Seven years ago I analyzed the text of Marcel Proust’s In Search of Lost Time to find the five longest sentences (in English). This is the first of a series of posts where I use natural language processing (NLP) to analyze the text of Proust’s sprawling, introspective, and intensely human epic.
The Python code supporting this analysis is provided here. I make frequent use of the popular NLP package spaCy in my code. Unlike my previous Proust posts, here I use the original public domain French text as provided by marcel-proust.com.
The complete text of In Search of Lost Time (ISLT) is comprised of seven volumes consisting of 486 chapters. Including chapter titles there are 6,023,707 characters, including punctuation. There are 1,175,999 words in all, and 38,662 unique words. (The average adult English language vocabulary is 20,000-35,000 words.)
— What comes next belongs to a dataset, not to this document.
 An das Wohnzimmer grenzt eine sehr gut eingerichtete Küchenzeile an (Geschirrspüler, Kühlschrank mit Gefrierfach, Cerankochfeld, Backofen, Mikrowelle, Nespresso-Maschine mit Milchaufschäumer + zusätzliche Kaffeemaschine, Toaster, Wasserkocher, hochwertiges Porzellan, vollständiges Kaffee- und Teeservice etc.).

Here the five most used words, with their frequencies. They are boring:
This is not really what we want, of course; it’s just a bunch of conjunctions, articles, and prepositions – all examples of what the NLP world calls “stop words“. The list of most common words changes significantly when we exclude spaCy’s list of French stop words. The results are given below. Even in a simple analysis such as this, some of ISLT’s key themes emerge: place, time, women, men, Albertine, Swann.
Word frequency changes in interesting ways. Here is a plot of the 200 most frequent words; a visual representation of my first table. You can see that the frequency drops off quickly from over 50,000 to under 1,000 quickly, followed by a long tail of seldom-used words:
If I exclude stop words, I get a similar result. The curve seems to fit a power distribution reasonably well.
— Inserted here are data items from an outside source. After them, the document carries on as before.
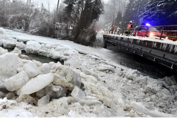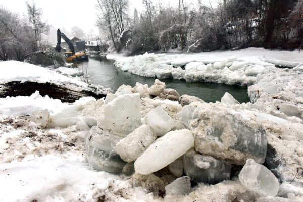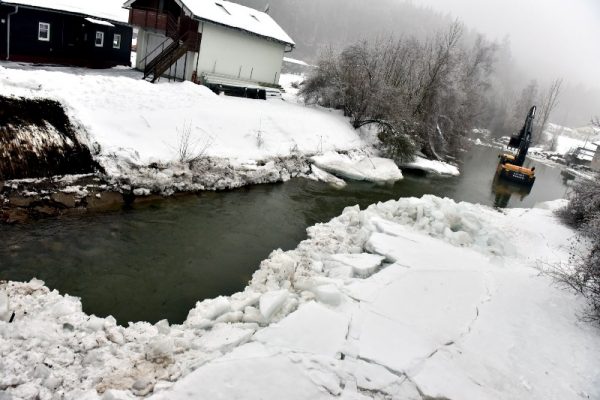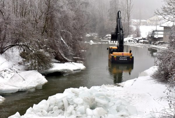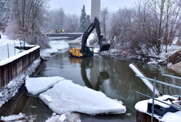 Die Behörden haben heute Vormittag entschieden, den gewaltigen, 600 Meter langen Eisstau auf der Aurach nicht aufzusprengen, sondern aufzubaggern.
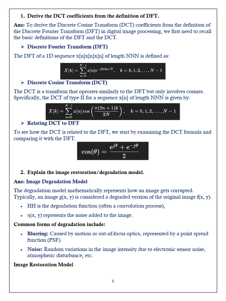 1. Derive the DCT coefficients from the definition of DFT.
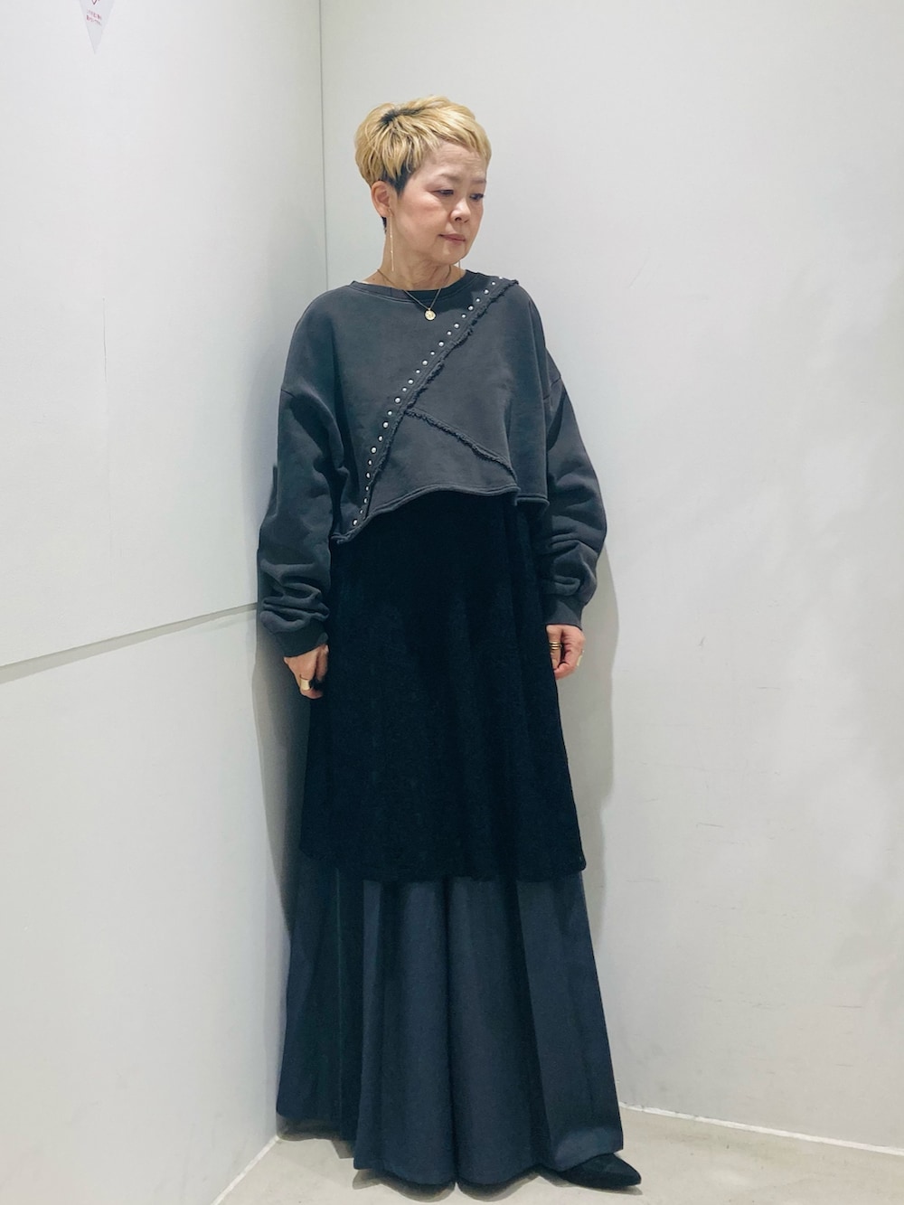 素材の違うグレーのアイテムでワントーンコーデをしました♪

In the plot above, the most frequent word “y” has rank 1, the next most frequent word “faire” has rank 2, and so on. It is has been observed that the rank and frequency of words in a large corpus of text often follow’s Zipf’s law. Another interesting writeup of Zipf’s law can be found here.
If we plot the log of the rank and the log of the frequency, Zipf’s law says that the result should be linear. When we do this for all 30,000+ unique words in ISLT, we do see something that roughly follows Zipf’s law:
I don’t know what it means, or if it means anything at all…but it’s interesting.
This is just a start. In future posts I will explore references to characters and places within ISLT, and share some interesting findings.